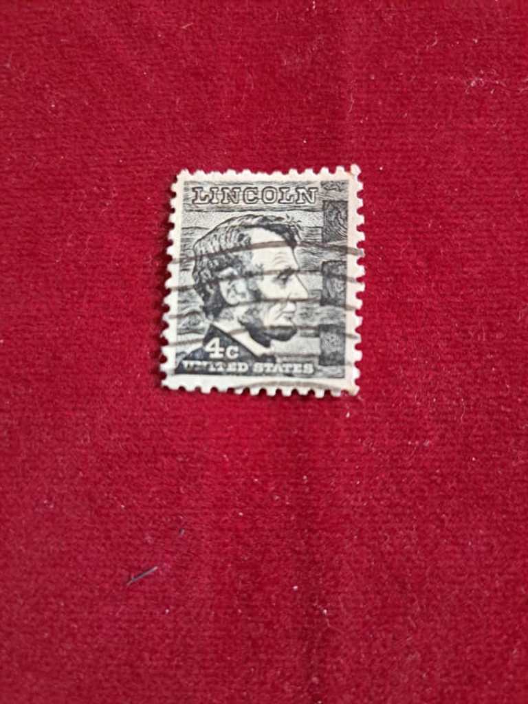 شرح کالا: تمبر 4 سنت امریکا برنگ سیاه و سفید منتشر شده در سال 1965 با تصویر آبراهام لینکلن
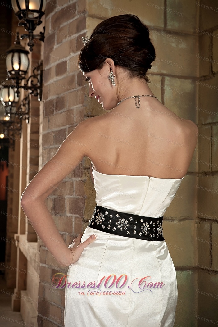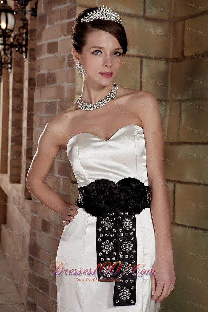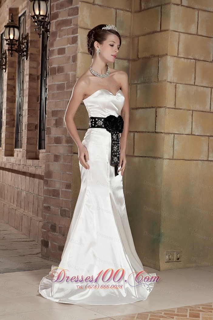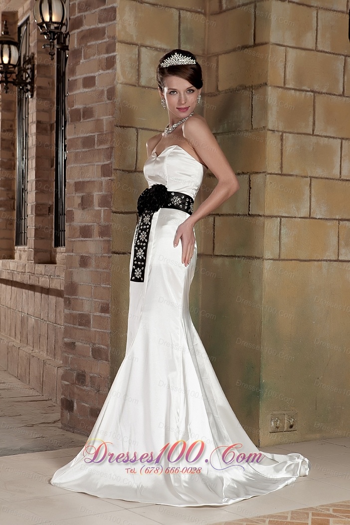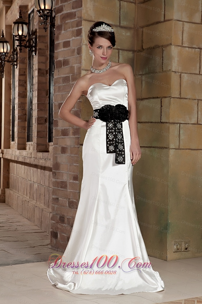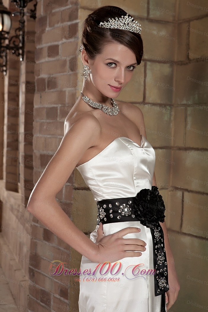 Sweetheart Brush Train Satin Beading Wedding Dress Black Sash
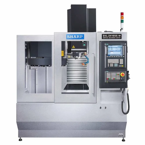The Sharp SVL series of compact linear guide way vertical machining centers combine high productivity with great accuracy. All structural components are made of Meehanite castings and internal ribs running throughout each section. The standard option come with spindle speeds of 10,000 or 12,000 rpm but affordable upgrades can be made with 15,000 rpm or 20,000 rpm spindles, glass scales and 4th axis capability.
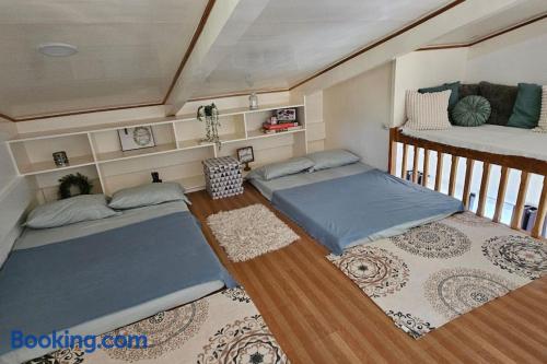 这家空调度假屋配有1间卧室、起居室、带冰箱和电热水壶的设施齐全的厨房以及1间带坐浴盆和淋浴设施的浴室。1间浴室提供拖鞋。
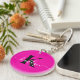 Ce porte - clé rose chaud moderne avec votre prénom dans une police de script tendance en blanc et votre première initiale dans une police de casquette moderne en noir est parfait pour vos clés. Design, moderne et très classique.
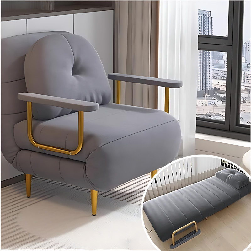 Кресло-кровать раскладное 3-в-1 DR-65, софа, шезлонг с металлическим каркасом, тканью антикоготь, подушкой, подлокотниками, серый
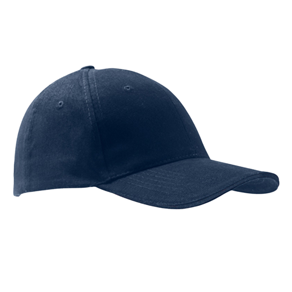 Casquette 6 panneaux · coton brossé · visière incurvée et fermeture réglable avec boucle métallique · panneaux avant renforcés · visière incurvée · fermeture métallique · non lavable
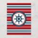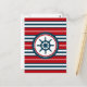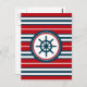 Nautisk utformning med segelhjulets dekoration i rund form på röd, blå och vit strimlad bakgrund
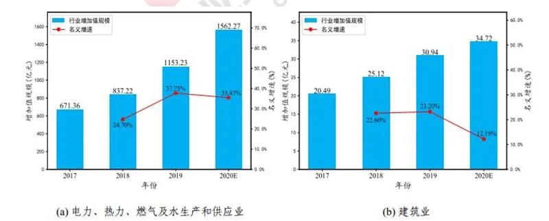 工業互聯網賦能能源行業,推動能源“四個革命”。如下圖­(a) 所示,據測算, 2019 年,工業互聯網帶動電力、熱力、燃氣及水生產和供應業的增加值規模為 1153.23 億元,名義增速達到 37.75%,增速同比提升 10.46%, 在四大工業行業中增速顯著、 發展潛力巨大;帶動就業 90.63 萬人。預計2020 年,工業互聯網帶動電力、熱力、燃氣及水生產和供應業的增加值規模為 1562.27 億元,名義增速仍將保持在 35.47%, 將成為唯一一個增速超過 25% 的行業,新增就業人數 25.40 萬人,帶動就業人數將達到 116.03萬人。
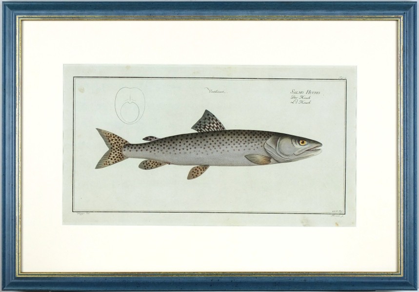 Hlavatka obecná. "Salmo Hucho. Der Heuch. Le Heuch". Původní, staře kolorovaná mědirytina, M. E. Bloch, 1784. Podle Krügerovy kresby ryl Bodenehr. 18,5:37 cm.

○ ○ ○ ○ ○

Your instructions —
Your answer must be the records above, copied exactly, with no pictures.

Answer to the problem —
 شرح کالا: تمبر 4 سنت امریکا برنگ سیاه و سفید منتشر شده در سال 1965 با تصویر آبراهام لینکلن
 Sweetheart Brush Train Satin Beading Wedding Dress Black Sash
The Sharp SVL series of compact linear guide way vertical machining centers combine high productivity with great accuracy. All structural components are made of Meehanite castings and internal ribs running throughout each section. The standard option come with spindle speeds of 10,000 or 12,000 rpm but affordable upgrades can be made with 15,000 rpm or 20,000 rpm spindles, glass scales and 4th axis capability.
 这家空调度假屋配有1间卧室、起居室、带冰箱和电热水壶的设施齐全的厨房以及1间带坐浴盆和淋浴设施的浴室。1间浴室提供拖鞋。
 Ce porte - clé rose chaud moderne avec votre prénom dans une police de script tendance en blanc et votre première initiale dans une police de casquette moderne en noir est parfait pour vos clés. Design, moderne et très classique.
 Кресло-кровать раскладное 3-в-1 DR-65, софа, шезлонг с металлическим каркасом, тканью антикоготь, подушкой, подлокотниками, серый
 Casquette 6 panneaux · coton brossé · visière incurvée et fermeture réglable avec boucle métallique · panneaux avant renforcés · visière incurvée · fermeture métallique · non lavable
 Nautisk utformning med segelhjulets dekoration i rund form på röd, blå och vit strimlad bakgrund
 工業互聯網賦能能源行業,推動能源“四個革命”。如下圖­(a) 所示,據測算, 2019 年,工業互聯網帶動電力、熱力、燃氣及水生產和供應業的增加值規模為 1153.23 億元,名義增速達到 37.75%,增速同比提升 10.46%, 在四大工業行業中增速顯著、 發展潛力巨大;帶動就業 90.63 萬人。預計2020 年,工業互聯網帶動電力、熱力、燃氣及水生產和供應業的增加值規模為 1562.27 億元,名義增速仍將保持在 35.47%, 將成為唯一一個增速超過 25% 的行業,新增就業人數 25.40 萬人,帶動就業人數將達到 116.03萬人。
 Hlavatka obecná. "Salmo Hucho. Der Heuch. Le Heuch". Původní, staře kolorovaná mědirytina, M. E. Bloch, 1784. Podle Krügerovy kresby ryl Bodenehr. 18,5:37 cm.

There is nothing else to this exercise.